*** SUPPLIED RECORDS ***

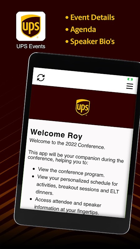 UPS Events ist die offizielle mobile Anwendung für UPS Konferenzen und Veranstaltungen. Diese mobile Anwendung bietet UPS-Kunden, Lieferanten und UPSern, die an Konferenzen teilnehmen, eine personalisierte Tagesordnung und Informationen über die Veranstaltung.
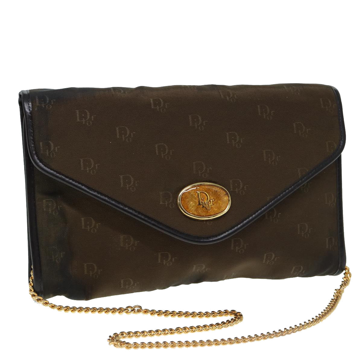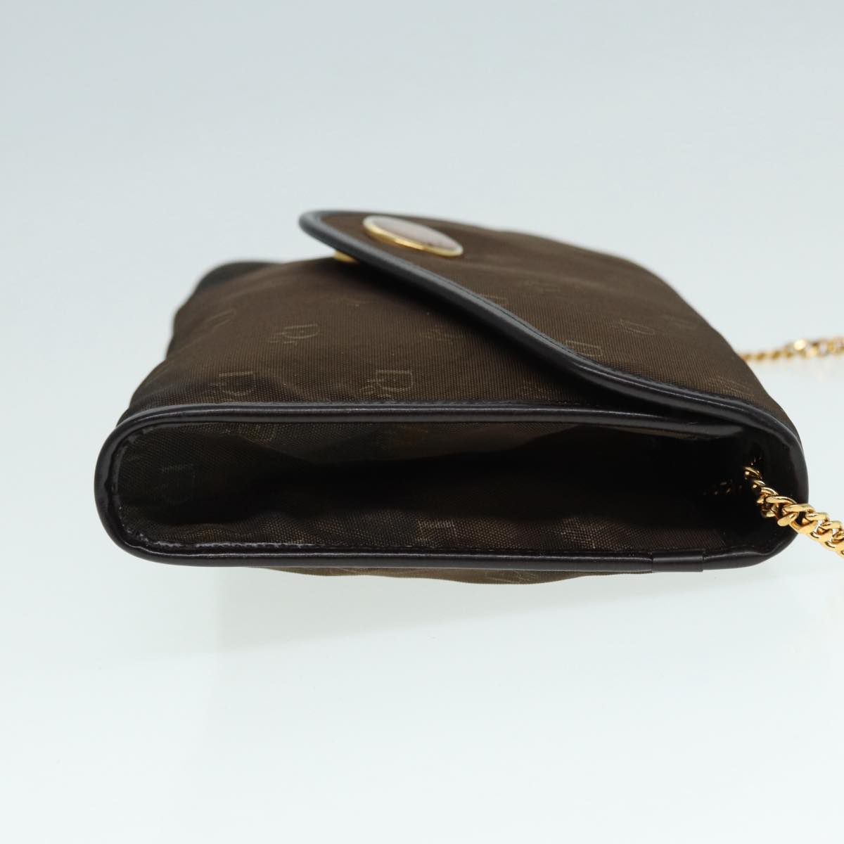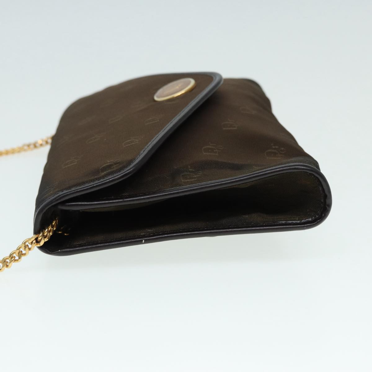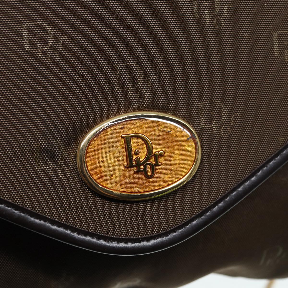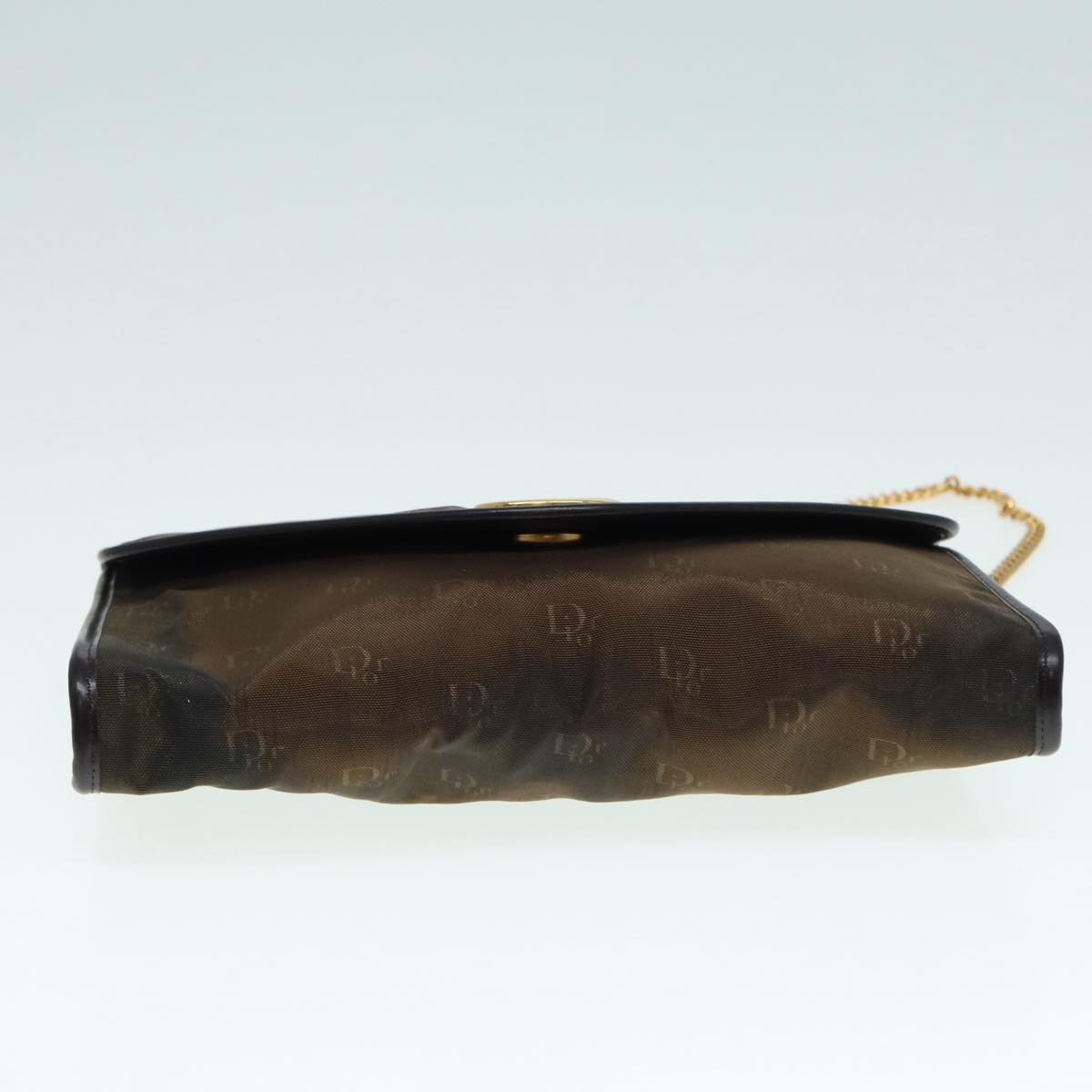 CHRISTIAN DIOR Chain Shoulder Bag Nylon Brown Gold Auth bs17771
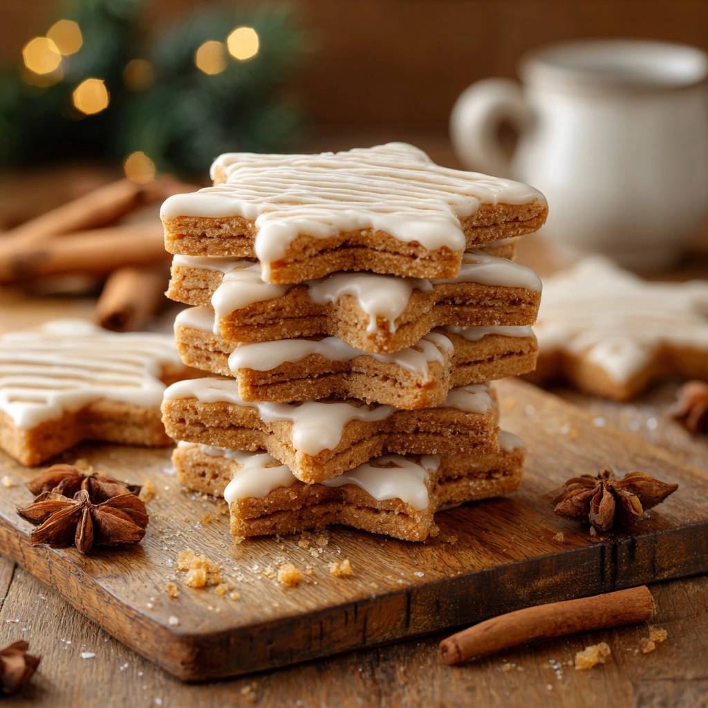 - Das Finish (Visuelle Perfektion): Rühren Sie den Puderzucker mit der Milch/Sahne und dem Zitronensaft glatt. Die Konsistenz muss sehr zähflüssig sein, damit sie nicht verläuft. Füllen Sie den Guss in einen Spritzbeutel mit kleiner Lochtülle oder einen Gefrierbeutel, bei dem Sie eine winzige Ecke abschneiden. Ziehen Sie den Guss in dichten, horizontalen Wellenlinien über die Sterne, sodass er an den Seiten leicht „heruntertropft“, wie auf dem Bild zu sehen. Lassen Sie den Guss vollständig trocknen, bevor Sie die Plätzchen stapeln.
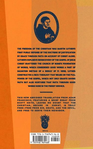 The Freedom of the Christian was Martin Luther's first public defense of the doctrine of justification by grace through faith on account of Christ alone. Luther's explosive rediscovery of the Gospel of Jesus Christ shattered the Church of Rome's foundation of works, which considered good works a part of salvation instead of a result of it. Here, Luther constructed a rich theology that relies on the full power of the Gospel, which not only grants saving faith but also nurtures that faith through good works done in the freest service. This new abridged translation from Adam Francisco, featuring a brief essay from Scott Keith, leaves no doubt that the Christian, secure in Christ, is truly free-free from sin, death, and the devil, and free to serve their neighbor.
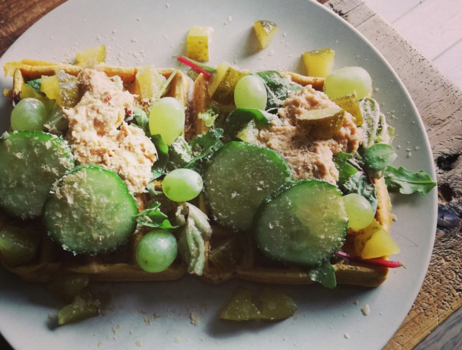 Hartig ontbijtrecept: Wafels gemaakt van kikkererwtenmeel met kruiden
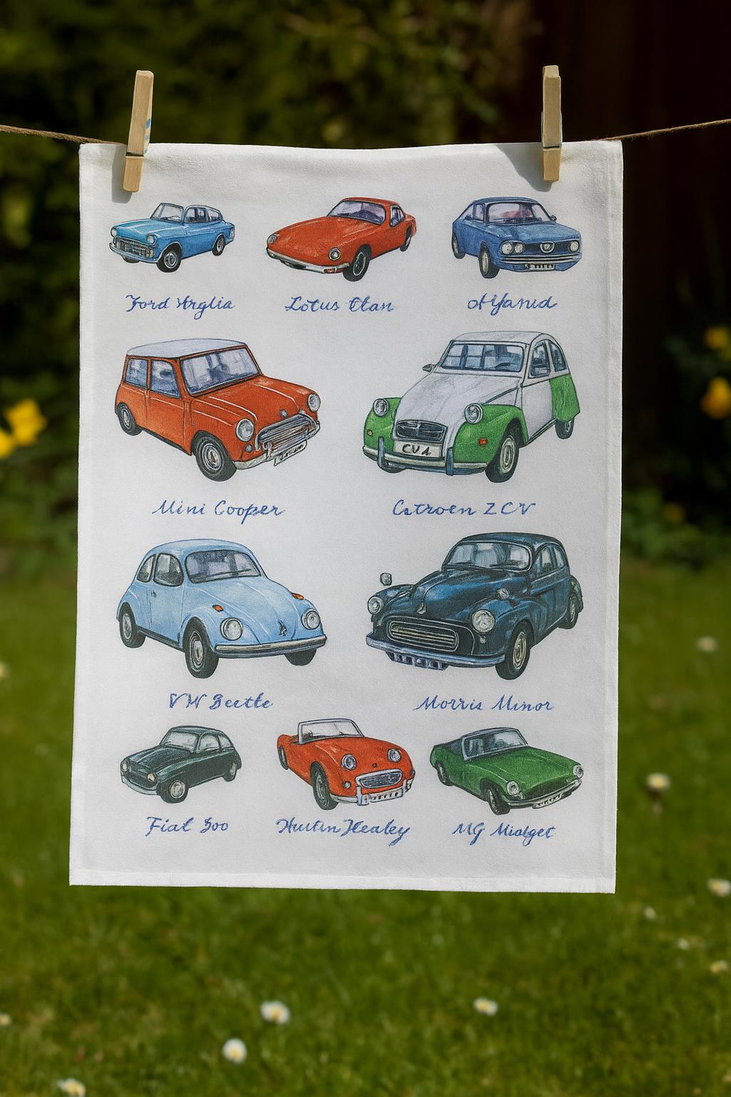 Hand drawn Great Small Cars Large Cotton Tea Towel by Half a Donkey. Featuring images of all time great small cars: Ford Anglia, Lotus Elan, Alfa Romeo Alfasud, Mini Cooper, Citroen 2CV, VW Beetle, Morris Minor, Fiat 500, Austin Healey and MG Midget. With Images from the artist Richard Partis. Made from 100% cotton, hemmed on four sides. Cotton is high quality 185gsm. The dimensions of the Tea Towel are: 47cm (w) x 65cm (h).
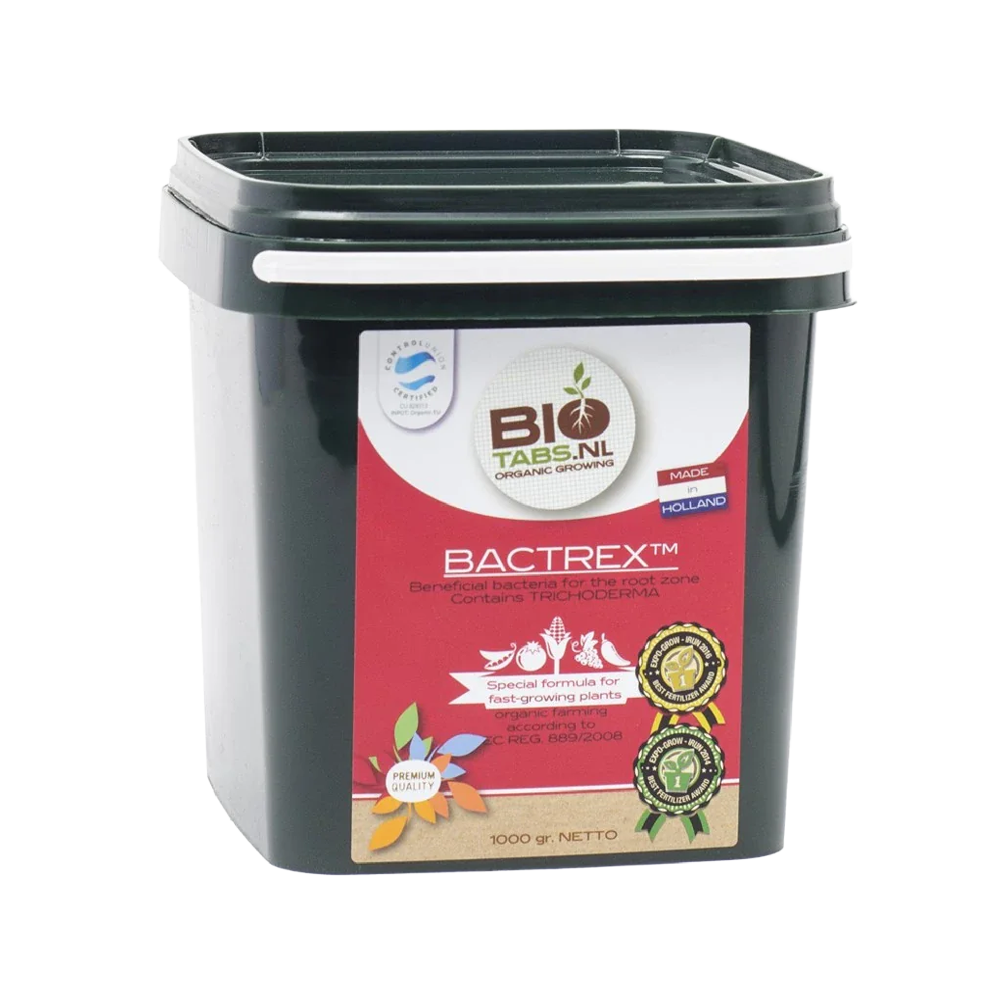 BioTabs Bactrex ist ein organischer Bodenverbesserer in Pulverform, der eine leistungsstarke Mischung aus nützlichen bodenaktiven Mikroorganismen wie Bacillus-Stämmen, Trichoderma-Schimmelpilzen und Huminsäuren enthält. Diese natürliche Kombination aktiviert das Bodenleben, verbessert die Bodenstruktur und unterstützt eine gesunde Entwicklung der Wurzeln sowie eine optimale Nährstoffaufnahme in Erde und Kokos-Substraten.
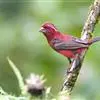 酒红朱雀小型鸟类,体长13~15厘米。雄鸟通体深红色,头部深朱红或棕红色,下背和腰玫瑰红色,…
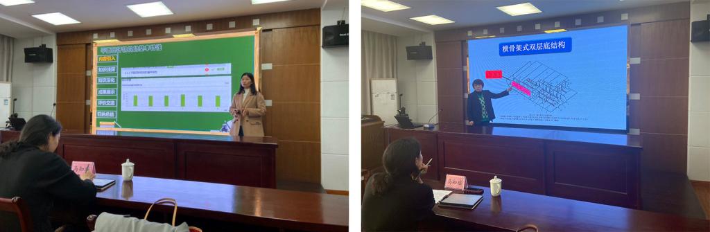 在展示交流环节中,参训教师分为三组,结合上周线上微格演练的汇报情况,分别在自己教授课程连续八课时的教学设计中选取了某个局部的教学片段,或新知讲解或示范演示或作业点评或课堂总结,逐个进行了8分钟左右的课堂无生教学展示交流,充分展示了本次“护航”成长研修班的培训成果。教学展示汇报结束后,校外专家组分别从课件制作交互、信息化教学、无生展示重难点、课程思政融入等方面对教师们的教学展示进行了细致入微的点评指导。
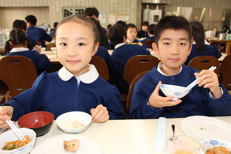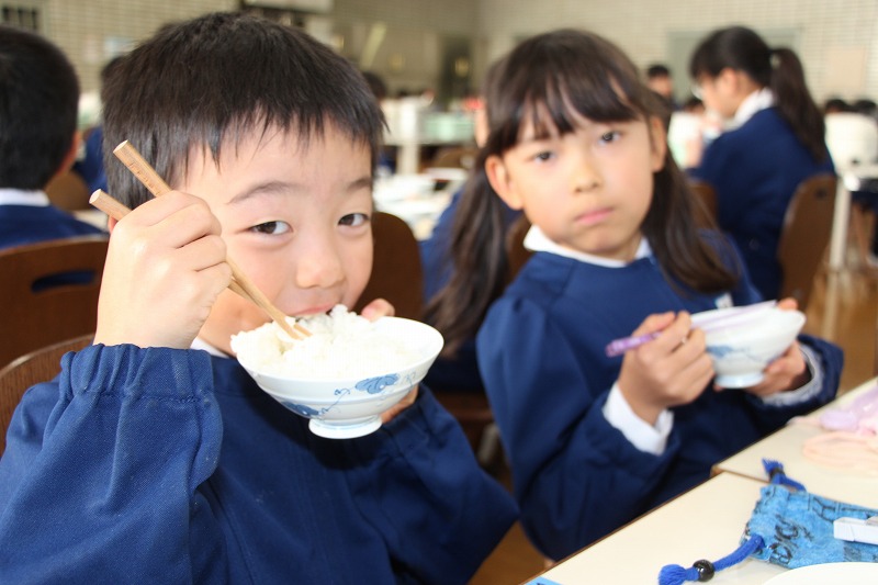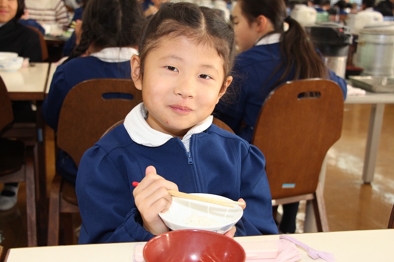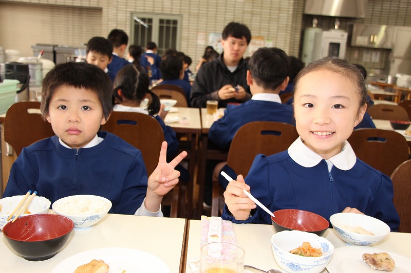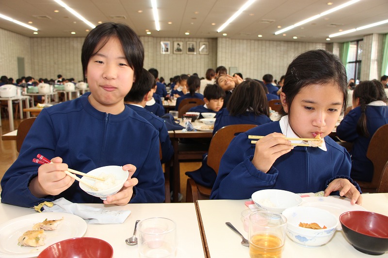 温カートから取り出された温かい香味焼きを頬張り、目を輝かせる「聖徳の子」たち。笑顔あふれる会食タイムです。

*** End of SUPPLIED RECORDS ***

[WORK TASK] Set down every entry exactly; omit the pictures.

[YOUR RESPONSE]
 UPS Events ist die offizielle mobile Anwendung für UPS Konferenzen und Veranstaltungen. Diese mobile Anwendung bietet UPS-Kunden, Lieferanten und UPSern, die an Konferenzen teilnehmen, eine personalisierte Tagesordnung und Informationen über die Veranstaltung.
 CHRISTIAN DIOR Chain Shoulder Bag Nylon Brown Gold Auth bs17771
 - Das Finish (Visuelle Perfektion): Rühren Sie den Puderzucker mit der Milch/Sahne und dem Zitronensaft glatt. Die Konsistenz muss sehr zähflüssig sein, damit sie nicht verläuft. Füllen Sie den Guss in einen Spritzbeutel mit kleiner Lochtülle oder einen Gefrierbeutel, bei dem Sie eine winzige Ecke abschneiden. Ziehen Sie den Guss in dichten, horizontalen Wellenlinien über die Sterne, sodass er an den Seiten leicht „heruntertropft“, wie auf dem Bild zu sehen. Lassen Sie den Guss vollständig trocknen, bevor Sie die Plätzchen stapeln.
 The Freedom of the Christian was Martin Luther's first public defense of the doctrine of justification by grace through faith on account of Christ alone. Luther's explosive rediscovery of the Gospel of Jesus Christ shattered the Church of Rome's foundation of works, which considered good works a part of salvation instead of a result of it. Here, Luther constructed a rich theology that relies on the full power of the Gospel, which not only grants saving faith but also nurtures that faith through good works done in the freest service. This new abridged translation from Adam Francisco, featuring a brief essay from Scott Keith, leaves no doubt that the Christian, secure in Christ, is truly free-free from sin, death, and the devil, and free to serve their neighbor.
 Hartig ontbijtrecept: Wafels gemaakt van kikkererwtenmeel met kruiden
 Hand drawn Great Small Cars Large Cotton Tea Towel by Half a Donkey. Featuring images of all time great small cars: Ford Anglia, Lotus Elan, Alfa Romeo Alfasud, Mini Cooper, Citroen 2CV, VW Beetle, Morris Minor, Fiat 500, Austin Healey and MG Midget. With Images from the artist Richard Partis. Made from 100% cotton, hemmed on four sides. Cotton is high quality 185gsm. The dimensions of the Tea Towel are: 47cm (w) x 65cm (h).
 BioTabs Bactrex ist ein organischer Bodenverbesserer in Pulverform, der eine leistungsstarke Mischung aus nützlichen bodenaktiven Mikroorganismen wie Bacillus-Stämmen, Trichoderma-Schimmelpilzen und Huminsäuren enthält. Diese natürliche Kombination aktiviert das Bodenleben, verbessert die Bodenstruktur und unterstützt eine gesunde Entwicklung der Wurzeln sowie eine optimale Nährstoffaufnahme in Erde und Kokos-Substraten.
 酒红朱雀小型鸟类,体长13~15厘米。雄鸟通体深红色,头部深朱红或棕红色,下背和腰玫瑰红色,…
 在展示交流环节中,参训教师分为三组,结合上周线上微格演练的汇报情况,分别在自己教授课程连续八课时的教学设计中选取了某个局部的教学片段,或新知讲解或示范演示或作业点评或课堂总结,逐个进行了8分钟左右的课堂无生教学展示交流,充分展示了本次“护航”成长研修班的培训成果。教学展示汇报结束后,校外专家组分别从课件制作交互、信息化教学、无生展示重难点、课程思政融入等方面对教师们的教学展示进行了细致入微的点评指导。
 温カートから取り出された温かい香味焼きを頬張り、目を輝かせる「聖徳の子」たち。笑顔あふれる会食タイムです。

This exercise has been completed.